The point, as far I can tell, is that Ted lives his life noticing all the physics underlying everything he does, is, observes, and ponders. The narrator quotes Ted: “(Science) is meant to deliver value by all possible means, including ways not anticipated by scientists.”

It means he looks at familiar things in different ways: Repeated identical stimulation causes dullness. Lack of variety deadens sensitivity. Man can last longer without food than he can without water, and without air he can’t survive at all. No two people see the same thing in the same way.

As Ted’s life progresses, he gets more and more sophisticated in his appreciation and application of physics. He is drawn to a quasi-spiritual group (Gurdjieff), which influences him for the rest of his life. He follows it to its roots in Europe and becomes a member. Their lifelong struggle is called The Work, a Talmudic quest of self-discovery that never ends. He managed to get work in Switzerland at CERN, then at Digital Equipment, and opened his own consulting business. He has written several books, generally focused on forecasting and prediction, and advised technical journals on others’ papers and books.

From time to time Ted waxes philosophical: A three dimensional world is the coldest, most separate world. Growing up in the three dimensions features loneliness and desolation. The more dimensions, the more commonalities emerge. To completely describe something, we need six dimensions: three physical, one of time, one for all lifetimes (repetitions in time), and a sixth in all possibilities including unimaginable ones.

He also propounds numerous facts that are at very least debatable: War will disappear from the face of the earth only when cultural differences disappear. An expenditure of 15% of one’s income is equivalent to expending 15% of one’s energy. Life is like a battery: the potential difference between those who have money and those need it drives the economy. Applying his favorite construct, the S-curve, he has decided that Mozart had written 90% of his music by the time he died in his mid-thirties. So we didn’t miss much by his early passing.

Modis thinks he can predict creative output using the S-curve, and thereby show when people have outlived their creativity and productivity. He says that most people who die of old age have reached 90% of their potential. I wonder what Picasso’s life would do to his theory. Or AE Hotchner or FDR for that matter.

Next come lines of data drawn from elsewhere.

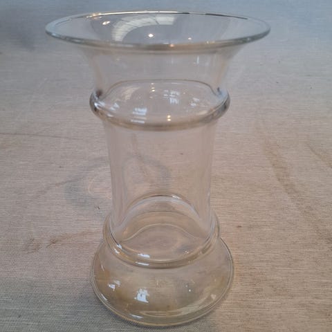 Vasen er lavet af klart glas med en elegant, slank form. Den har en bred åbning og en dekorativ midtersektion.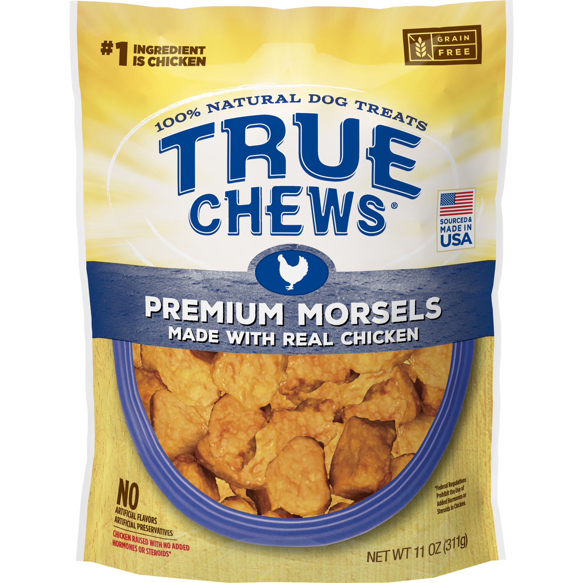 Chicken, Potatoes, Vegetable Glycerin, Dried Citrus Pulp, Natural Flavors, Salt, Distilled Vinegar, Colored with Paprika.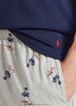pamutkeverék-jersey alvóing 268048232 férfiak Ralph Lauren sötétkék/andover hanga/piros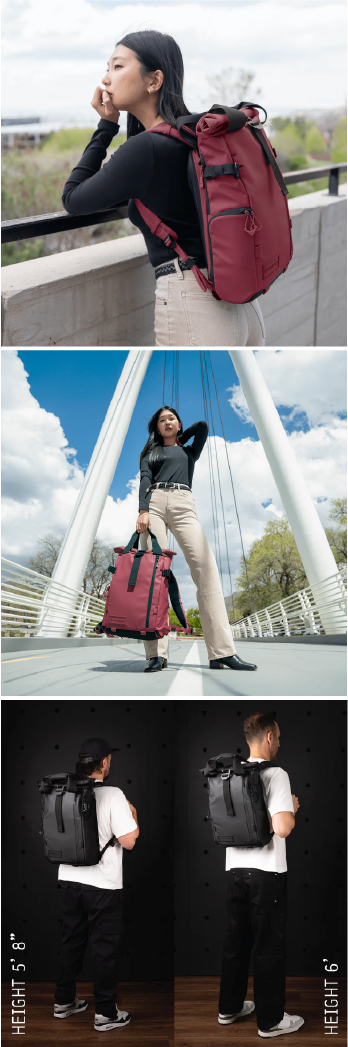 El diseño rolltop permite ampliar o reducir la capacidad de la mochila según tus necesidades. Al ajustarlo, tus pertenencias permanecen seguras y protegidas contra la intemperie, al mismo tiempo que mantienes un perfil compacto cuando no necesitas toda la capacidad.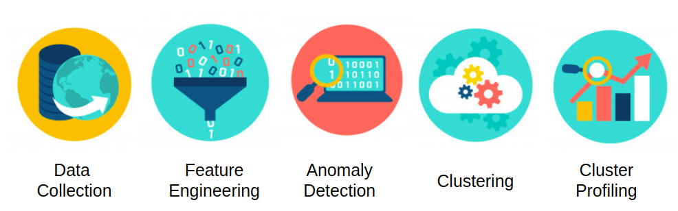 Data Collaction: Pengumpulan data dari berbagai sumber.Feature Engineering: Mengekstrak feature/ informasi dari data yang ada.Anomaly Detection: Mencari data yang bersifat anomali dan menghapusnya sehingga tidak mengganggu cluster yang akan dibentuk.Clustering: Mengelompokkan data menjadi beberapa kelompok berdasarkan karakteristik data.Cluster Profiling: Mencari karakteristik dari setiap cluster yang sudah terbentuk.

Ted really locked on to Kondratieff’s wave theory, which posits that things happen in 56-year cycles. But this is observation, not physics. As Ted must know, the universe does not work on Man’s conception of time. Man invented time, based on observations in this tiny corner of the universe, and measures everything by it. So while Ted has managed to find numerous examples of repetition that (more or less) match the 56 year cycle, most events don’t, and there is no physics basis for it.

He also gets tangled up in astrology, which would drown the credibility of any physicist, making his whole body of work suspect. So While Theodore Modis likes to think he is living a life of applied physics, I’m not sure it is worth a book.